» About this exercise: Emit the data below verbatim, stripping out any pictures.

» Supplied information:
##############################

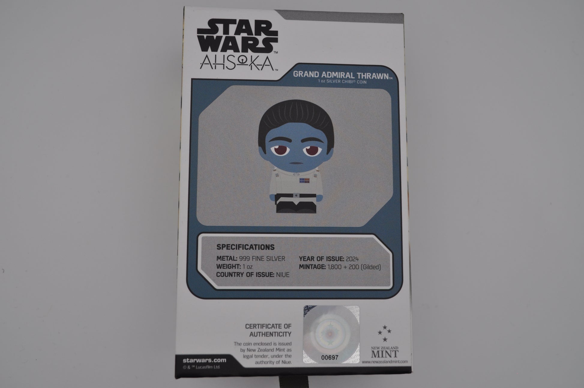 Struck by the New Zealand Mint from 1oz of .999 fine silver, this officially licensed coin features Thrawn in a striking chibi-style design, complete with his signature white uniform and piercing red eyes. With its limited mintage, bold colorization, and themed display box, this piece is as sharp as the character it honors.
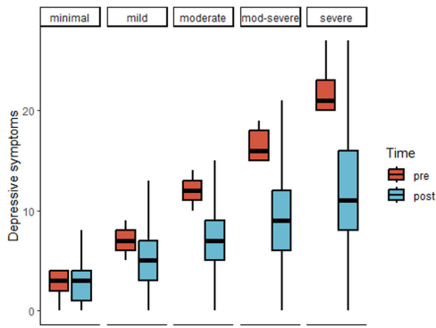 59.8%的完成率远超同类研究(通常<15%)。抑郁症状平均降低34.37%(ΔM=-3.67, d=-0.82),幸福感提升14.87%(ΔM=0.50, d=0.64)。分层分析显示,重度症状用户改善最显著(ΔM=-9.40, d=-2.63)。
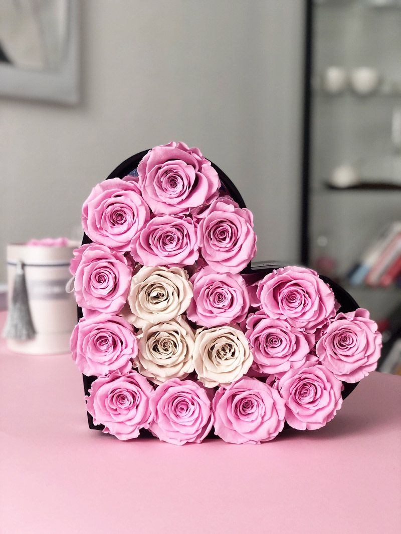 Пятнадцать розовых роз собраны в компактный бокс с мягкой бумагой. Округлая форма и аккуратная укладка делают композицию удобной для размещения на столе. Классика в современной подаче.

##############################

» The answer:
 Struck by the New Zealand Mint from 1oz of .999 fine silver, this officially licensed coin features Thrawn in a striking chibi-style design, complete with his signature white uniform and piercing red eyes. With its limited mintage, bold colorization, and themed display box, this piece is as sharp as the character it honors.
 59.8%的完成率远超同类研究(通常<15%)。抑郁症状平均降低34.37%(ΔM=-3.67, d=-0.82),幸福感提升14.87%(ΔM=0.50, d=0.64)。分层分析显示,重度症状用户改善最显著(ΔM=-9.40, d=-2.63)。
 Пятнадцать розовых роз собраны в компактный бокс с мягкой бумагой. Округлая форма и аккуратная укладка делают композицию удобной для размещения на столе. Классика в современной подаче.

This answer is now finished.